Песня жаворонка - Уилла Кэсер
Он встряхнулся.
— Пожалуйста, можешь впутывать меня во что угодно, — выговорил он, краснея. — Мне на…
Он осекся.
— Боюсь, что он не поймет, — серьезно продолжала Тея. — Он будет суров к тебе.
Фред долго разглядывал белый пепел сигареты, прежде чем стряхнуть его.
— Ты имеешь в виду, он сочтет меня еще хуже, чем я есть. Да, скорее всего, я буду стоять в его глазах очень низко: негодяй пятого сорта. Но это имеет значение лишь постольку, поскольку задевает его чувства.
Тея вздохнула:
— Мы с тобой оба будем выглядеть довольно скверно. И если начистоту, мы, наверное, действительно такие, какими он нас увидит.

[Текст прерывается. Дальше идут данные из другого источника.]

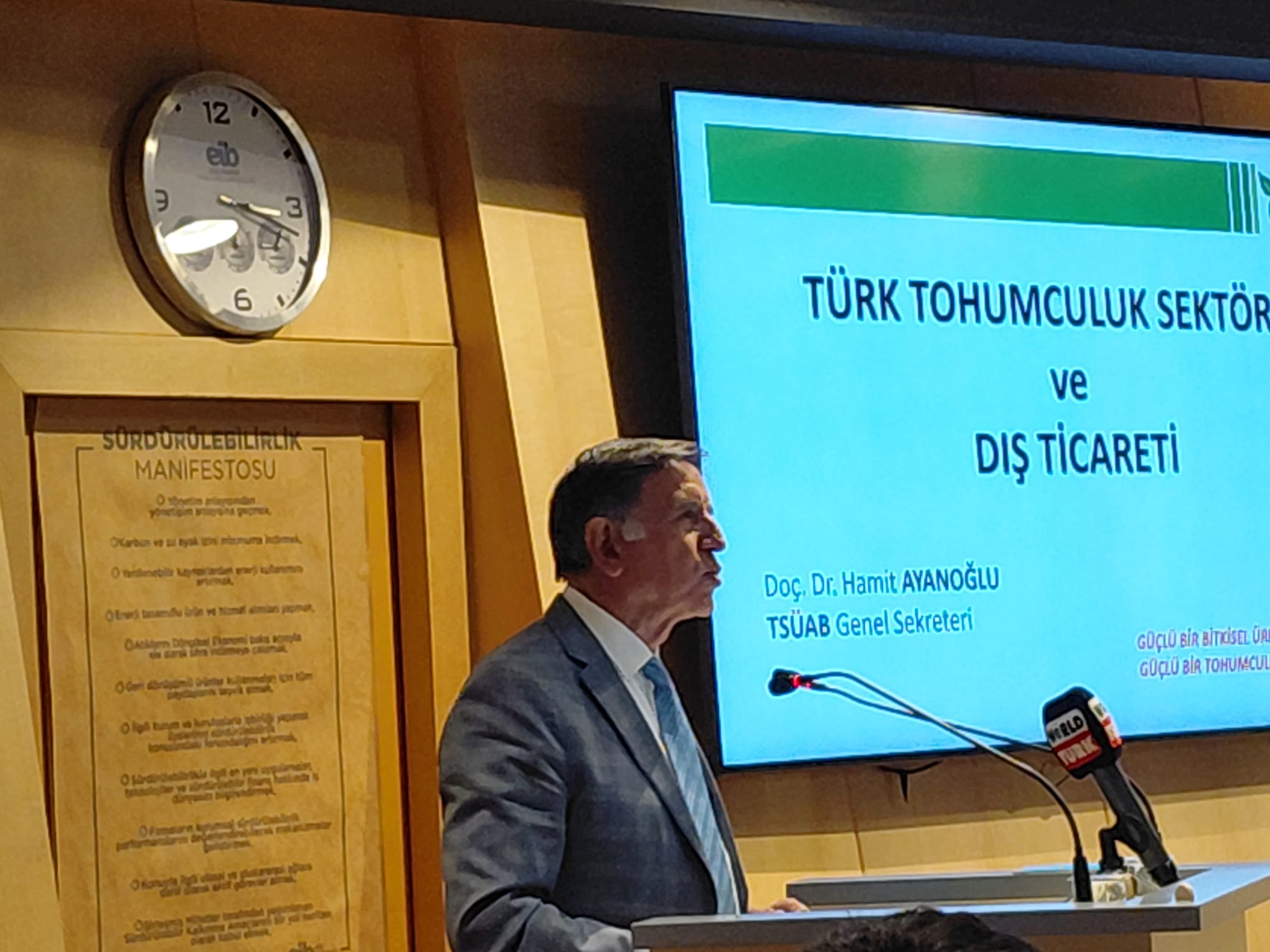 Tohum Sanayicileri ve Üreticileri Alt Birliği (TSÜAB) Genel Sekreteri Doç Dr. Hamit Ayanoğlu, tohum sektörüne dair konuşma yaptı. Verilerle bilgilendirmede bulunan Ayanoğlu, 2030 yılında 500 milyon tonluk ihracata ulaşacaklarını tahmin ettiklerini ifade etti.
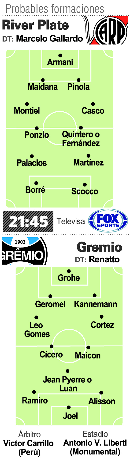 Con la misión de evitar un tropiezo, el once gaúcho apelará a la seguridad del arquero Marcelo Grohe, y a la solidez de la pareja central que componen el argentino Walter Kannemann y Pedro Geromel. Con la misión de reconquistar la Copa Libertadores que alzó por tercera y última vez en 2015, River tiene planeado lanzarse al ataque frente a Gremio, más allá de que el viernes pasado dejó su invicto de 32 partidos oficiales en Santa Fe, donde perdió 1-0 con Colón por la Superliga local. Un mal paso con razones.
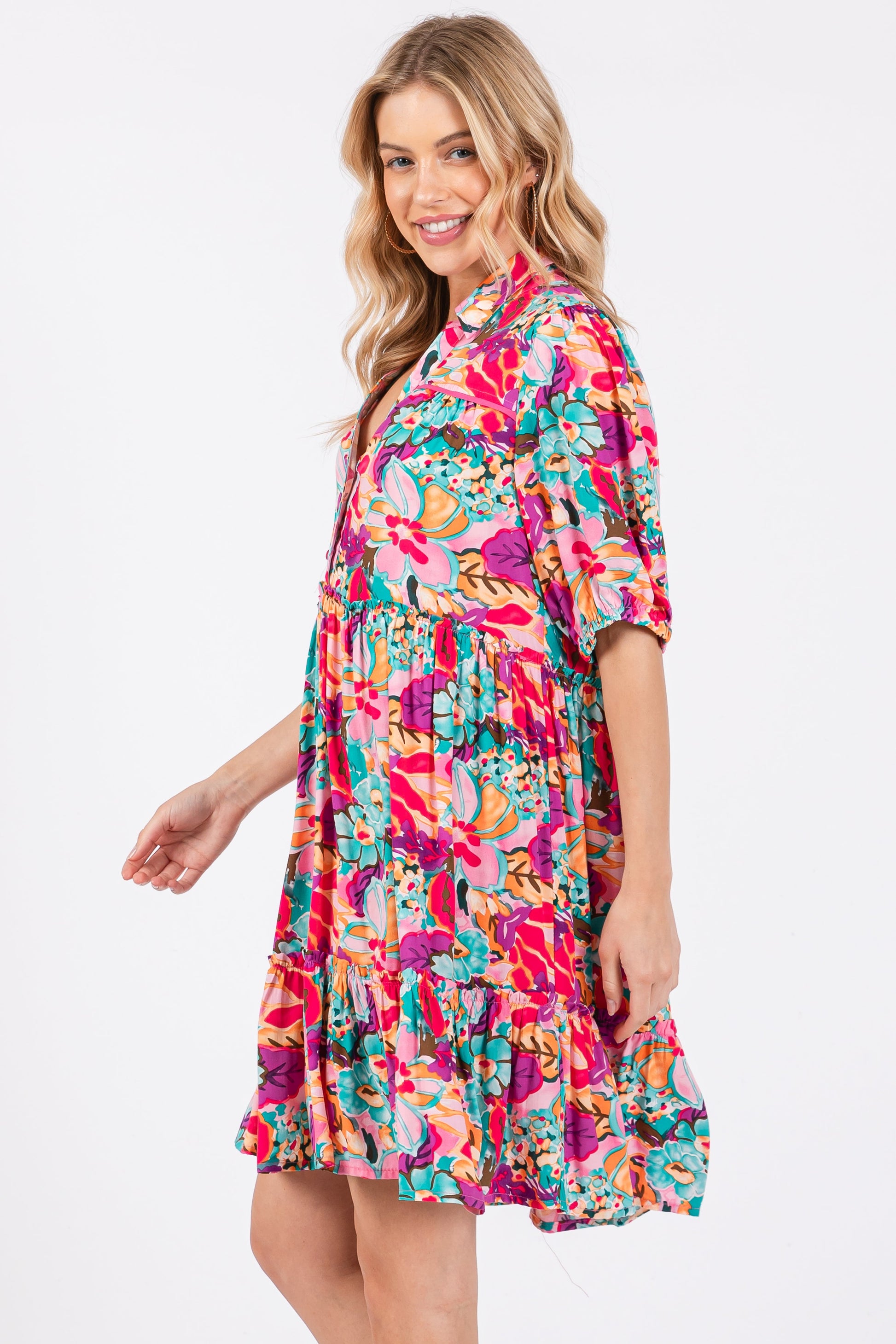 Floral short sleeve dress with front buttons, collard v-neckline, and tiered skirt.
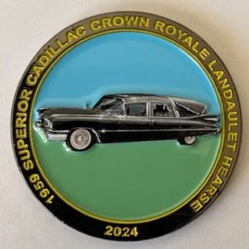 Third in series 1.75” diameter 2024 PCS Challenge Coin featuring the 1959 Superior Cadillac Crown Royale Landaulet Hearse
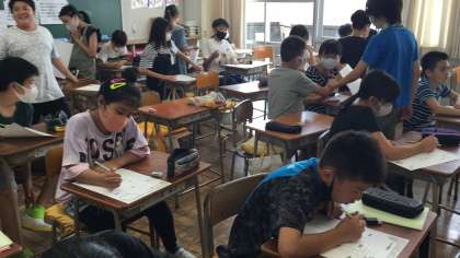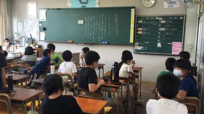 2学期初日、6年3組、4組の教室です。2学期には、6年生としての活躍の場がたくさんあります。金岡小の顔として、頼りにしています。
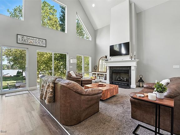 This breathtaking 2-story lakefront retreat combines modern design with cozy comfort and sweeping water views. The dramatic great room features soaring 2-story floor-to-ceiling windows, an open-concept kitchen, and a gas fireplace, all overlooking the beautifully landscaped yard that gently slopes to the lake.
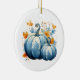 Watercolor Blue Pumpkins & Autumn Leaves Ceramic Ornament
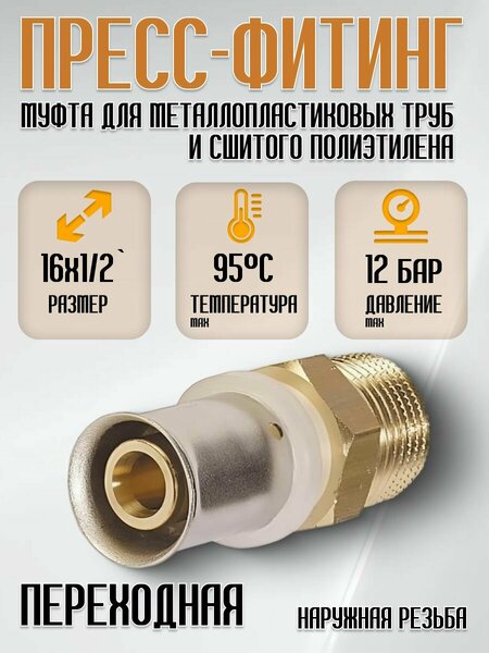 Муфта-пресс фитинг предназначена для соединения металлополимерных труб в системах холодного и горячего водоснабжения, а также отопления. Эта система пресс-фитингов обеспечивает быстрое и простое соединение, которое гарантирует высокую температуру рабочей среды и стойкость к давлению. Пресс-фитинги фиксируются с помощью специального зажимного инструмента, и процесс прессования заключается в механической деформации, обеспечивающей надежность. Корпус: горячепрессованная латунь ЛС58-2, Поверхностная обработка: пескоструйная обработка Уплотнительное кольцо: материал EPDM, Тип насадки инструмента: TH, Максимальное рабочее давление: 12 бар, Максимальная рабочая температура: 95 C, Резьба: ISO228, Пресс-фитинги не подлежат разборке. Указания по эксплуатации и техническому обслуживанию: Монтаж выполняется в соответствии с требованиями СП 40-102-2000, СП 41-102-98, СП 40-103-98 и СНиП 3.05.01-85. Перед установкой необходимо осмотреть изделие: при наличии повреждений, полученных в результате неправильной транспортировки или хранения, ввод в эксплуатацию запрещен. Следует подготовить трубу, провести калибровку внутренним калибром и снять фаску с внутреннего слоя стенки. Изделие не предназначено для применения в среде с агрессивными компонентами, пылью и газами, разрушающими металлы. Пресс-фитинг должен быть надежно закреплен на трубопроводе. Перед запуском обязательно провести гидравлические испытания и убедиться в отсутствии протечек в местах соединения. Допускается применение пресс-фитингов в системах прокладки трубопровода в бетонной стяжке. Эксплуатация с поврежденными уплотнительными кольцами или без них не разрешается.
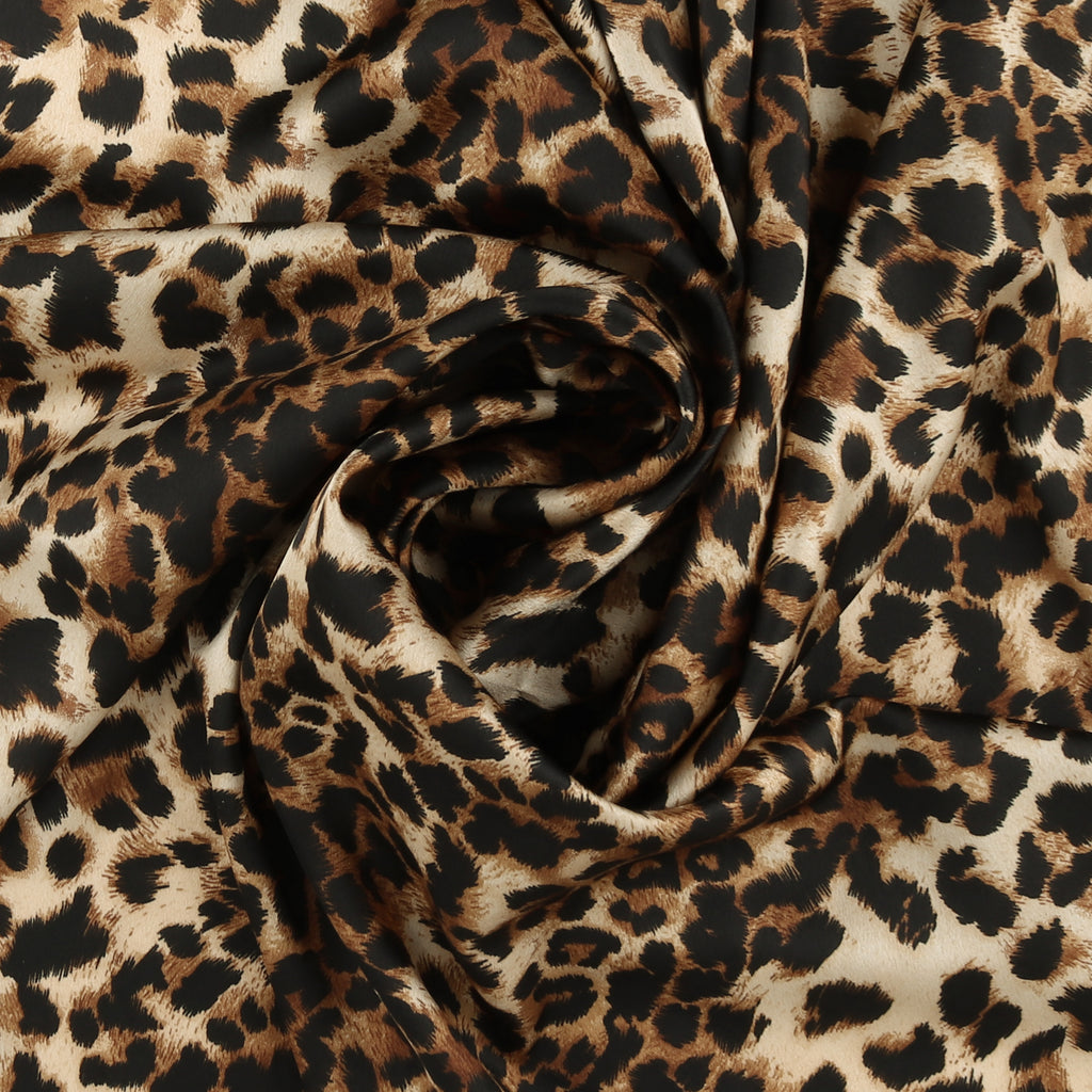 This printed satin fabric is perfect for creating elegant blouses, dresses, lingerie and shirts.
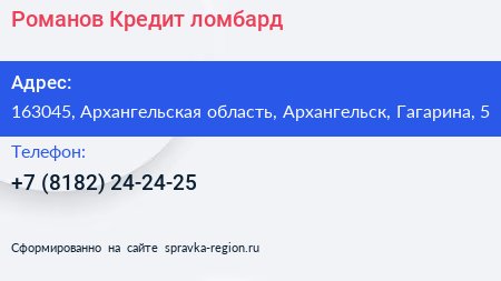 Романов Кредит, ломбард по адресу 163045, Архангельская область, Архангельск, Гагарина, 5 в дальнейшем Организация, размещена в следующих категориях:
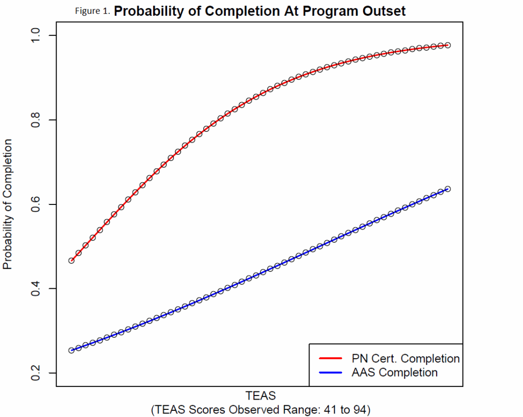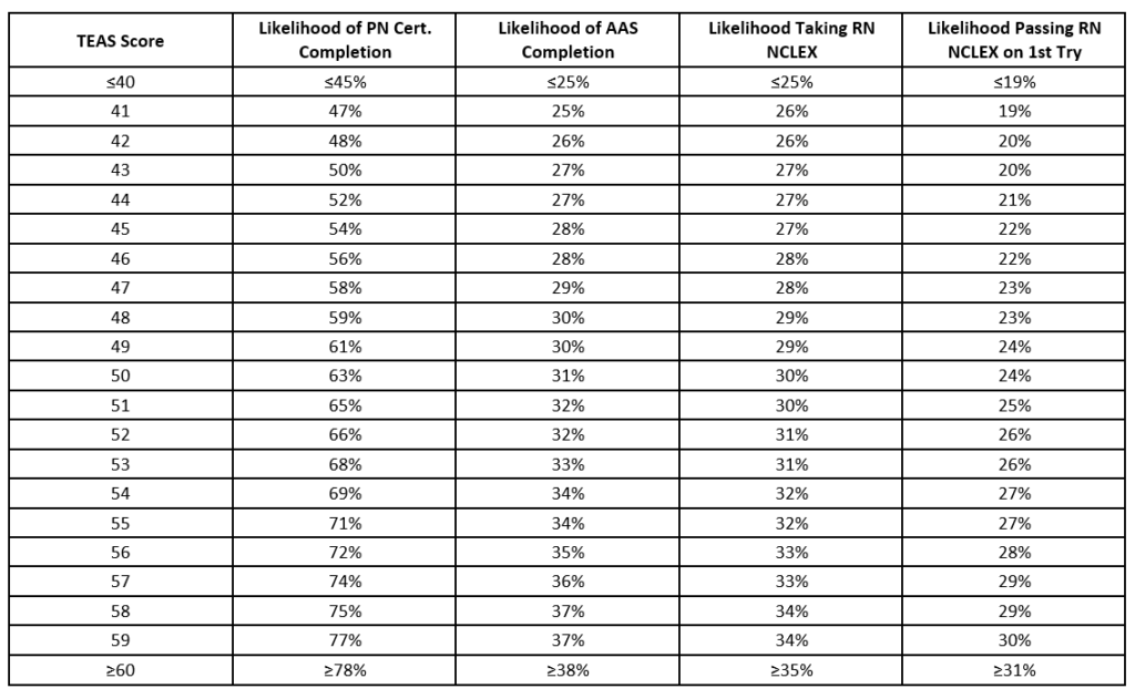 - TEAS score is a good predictor of completion of the Practical Nursing Certificate. It is also a statistically reliable (and decent) predictor of completion of the program’s Associate in Applied Science. See Figure 1.
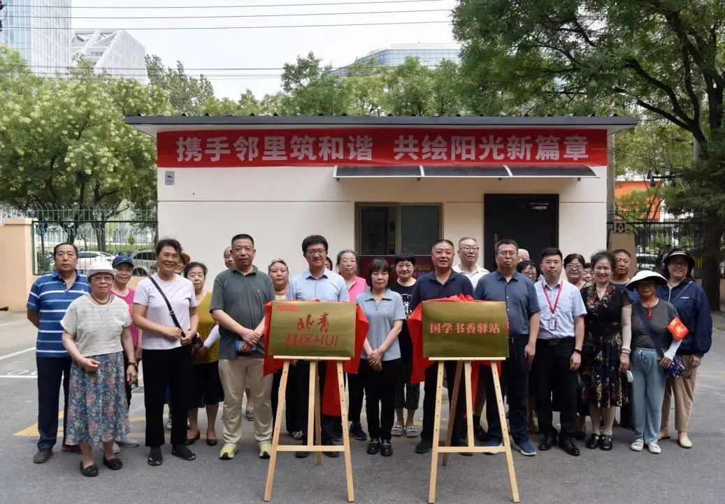 “3、2、1,揭幕!”伴随着欢快的乐曲和热烈的掌声,红色幕布被徐徐揭开,印有“北青社区HUI”和“国学书香驿站”的金色牌匾在阳光下熠熠生辉。7月9日,这个备受居民关注的社区空间,在众人的瞩目中正式揭牌投用。
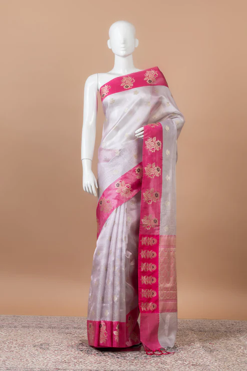 Neelkamal Banarasi Chanderi Silk – light grey or beige
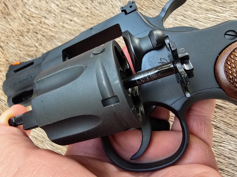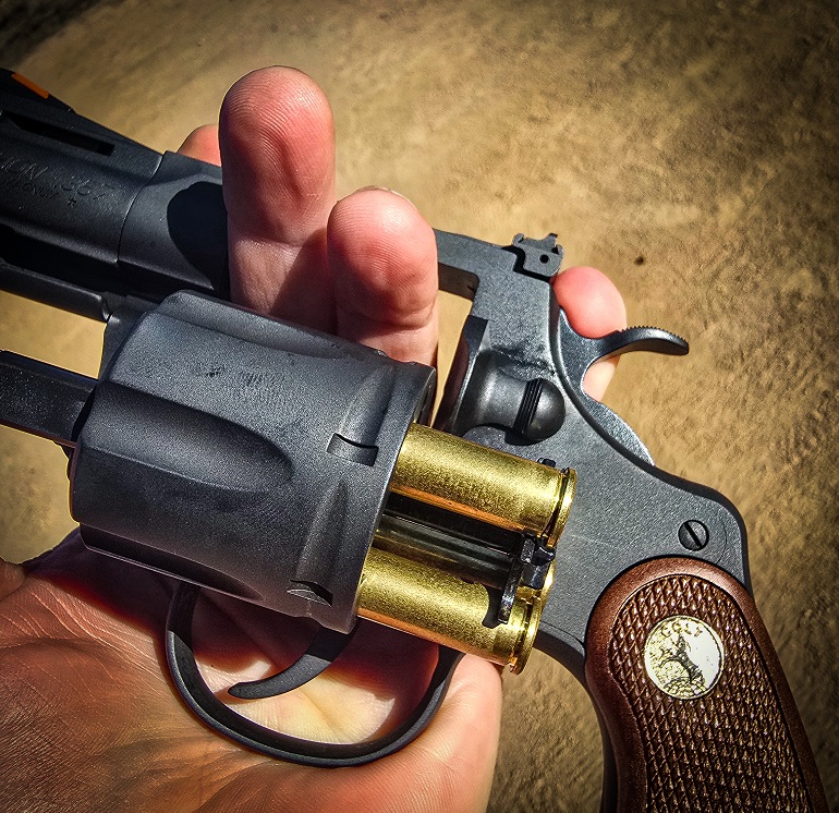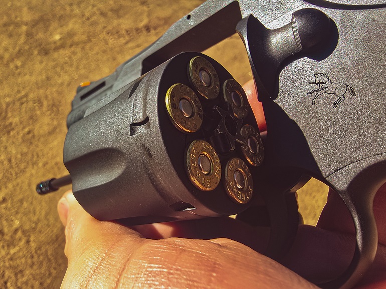 Like all short-barreled magnums, you’re going to have to tip the muzzle up and hammer the ejector on empties if you want the cylinder to give up all six shells with a quickness. That ejector rod’s just not long enough to push the empties all the way out, so you’re going to need a little momentum. This particular gun was finicky about brass fully ejecting, at least in the beginning. Nickel-finished cases fell smoothly, as did all cases after a couple of hundred rounds.
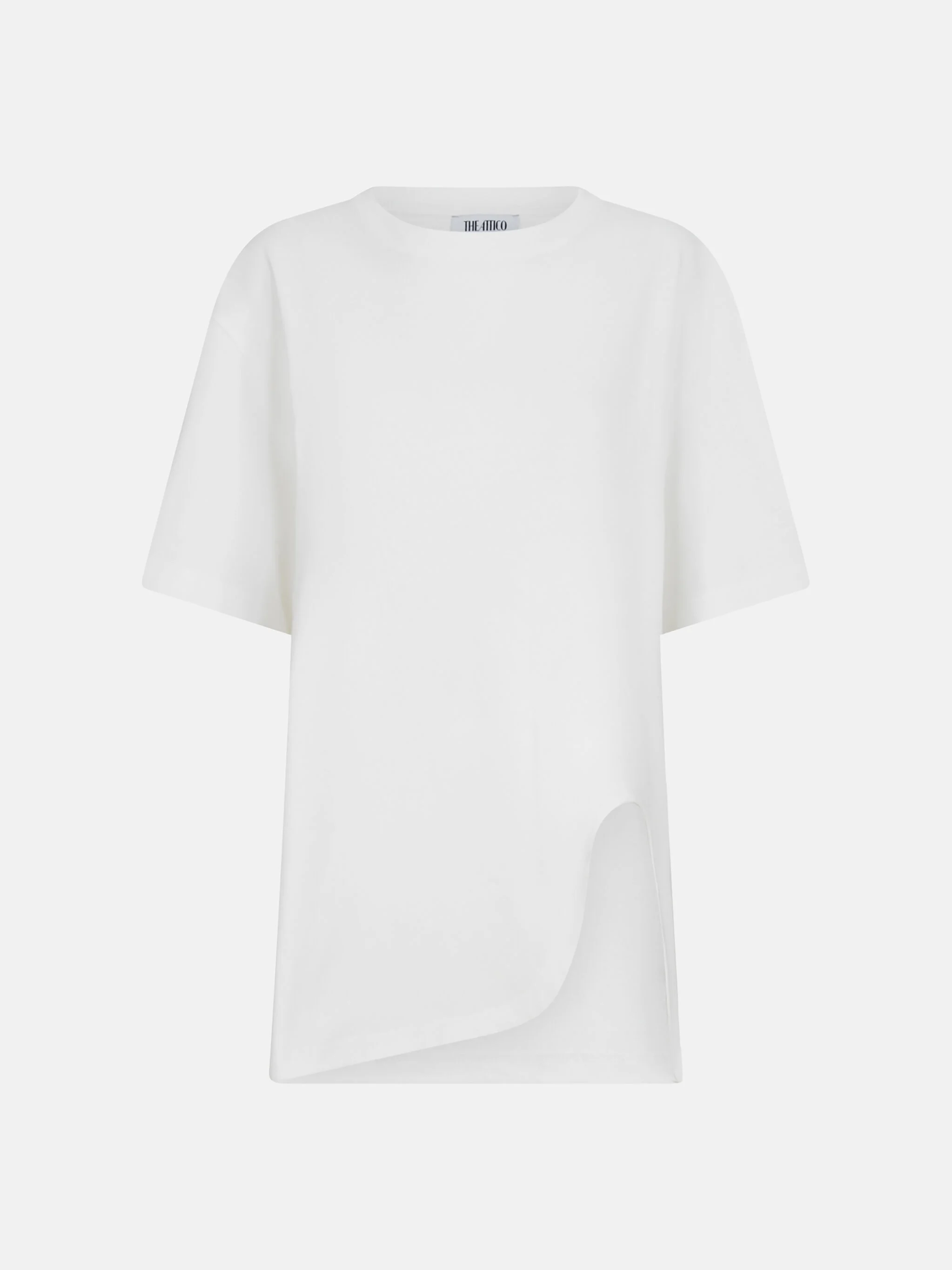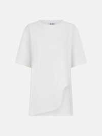 Oversize t shirt in white light jersey whirt with shaped split. Made in Italy. Style 250WCT00350JJJ025AA001 SIZE & FIT The model is wearing a size 40 and her height is 69,6 in, bust 30,7 in, waist 23,2 in, hips 34,6 in - height 177 cm, bust 78 cm, waist 59 cm, hips 88 cm. Regular fit. We recommend taking your true size. DETAILS Main Material: 100% cotton, rib: 100% cotton

Оттенбург вскочил и швырнул сигарету в камин:
— Не согласен. Ты когда-нибудь была по-настоящему откровенна с этим наставником твоего детства, даже, собственно говоря, в детстве? Подумай минутку, была? Конечно, нет! Как я уже говорил, ты занималась любимым делом еще с колыбели втайне, жила своей жизнью, признаваясь себе в вещах, которые его привели бы в ужас. Ты всегда обманывала его: вплоть до того, что позволяла ему считать тебя совершенно другим человеком. Он не мог понять тогда, не может понять и сейчас. Так почему бы не пощадить себя и его?
Она покачала головой:
— Конечно, у меня были потайные мысли. Может, и у него тоже. Но я никогда еще не делала ничего такого, что сильно его расстроило бы. Я должна починить отношения с ним — насколько смогу, — чтобы начать заново. Он мне простит. Он всегда прощал. Но тебе — боюсь, нет.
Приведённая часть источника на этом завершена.